É importante ressaltar que não se pode adotar a mesma perspectiva para contratos
paritários e para contratos de consumo. Os primeiros são regidos pelo Código Civil e
a legislação específica, sem amparo, em princípio, nas disposições do Código de
Consumidor, uma vez que é presumida a liberdade das partes em condições de
igualdade negocial.
De qualquer modo, qualquer caminho para que se encontre uma solução negocial
deve passar pela análise do caso concreto, tornando-se indispensável a análise de
cada relação contratual com vista à constatação da causa de tal ocorrência. Ou seja,
os contratos não foram atingidos da mesma forma pela pandemia do coronavírus e
não se deve deixar de considerar a excepcionalidade da situação e os efeitos
concretos em cada relação negocial.
A força maior ou caso fortuito tem importância como causa que exime da
responsabilidade o devedor frente ao incumprimento de suas obrigações contratuais.

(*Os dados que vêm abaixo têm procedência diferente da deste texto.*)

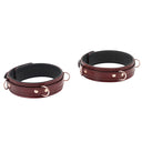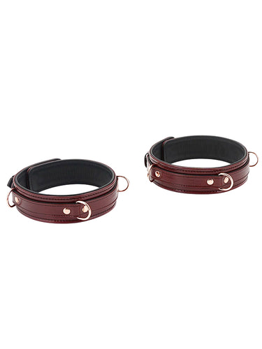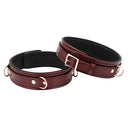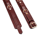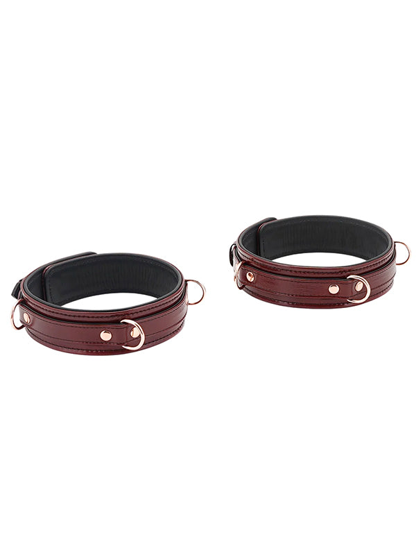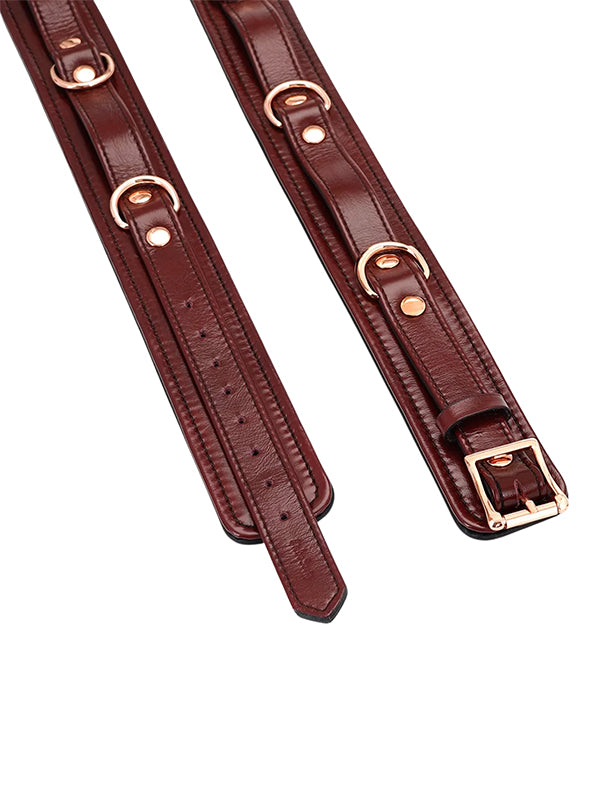 Wine Red thigh cuffs are made from durable cow leather with rose gold hardware. Each cuff is equipped with a sturdy buckle and 3 D-rings which allow for the cuffs to be connected with other bondage accessories. Perfect match with the other Wine Red series accessories.

O caso fortuito exime-se de responsabilidade também, frente a casos de
responsabilidade objetiva, nos quais nem sequer o atuar diligente do devedor lhe
serve como justificação; pelo que se constitui como limite frente à responsabilidade
pelo incumprimento. Isso significa que a possibilidade do devedor ser acobertado por
esta causa seja limitada, devendo cumprir requisitos estritos; caso contrário, estar-se-
ia afetando ao núcleo mesmo da noção de pacta sunt servanda, e a boa-fé contratual
(FARIAS; ROSENVALD, 2020).
Até onde pode chegar a autonomia das partes em sede contratual, no que respeita à
regulação do caso fortuito? Entende-se que as faculdades são amplas; por exemplo,
que as partes pactuem que uma delas assuma unilateralmente os efeitos do
imprevisto; que podem ser agravatórias, ou restritivas, atenuarem ou eximirem da
responsabilidade o devedor como parte do pacto prévio.

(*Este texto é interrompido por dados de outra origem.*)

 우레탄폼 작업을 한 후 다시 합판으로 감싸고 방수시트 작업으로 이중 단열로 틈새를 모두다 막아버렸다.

No caso de que nada se tenha pactuado pelas partes, opera-se o regime geral do art.
393 do Código Civil: “Art. 393. O devedor não responde pelos prejuízos resultantes de
caso fortuito ou força maior, se expressamente não se houver por eles
responsabilizado” (BRASIL, 2002). Neste regime geral podem ser identificadas duas
funções do caso fortuito no âmbito contratual; em primeiro lugar, eximir do pagamento
de indenização de prejuízos pelo incumprimento o devedor, função que também é
aplicável no âmbito extracontratual e afeta à responsabilidade; e, em segundo lugar,
extinguir uma obrigação, se o caso fortuito ou força maior é definitivo, ou permitir ao
devedor a suspensão no cumprimento da obrigação, se o fato que suscita o caso
fortuito ou força maior é temporário (DINIZ, 2020).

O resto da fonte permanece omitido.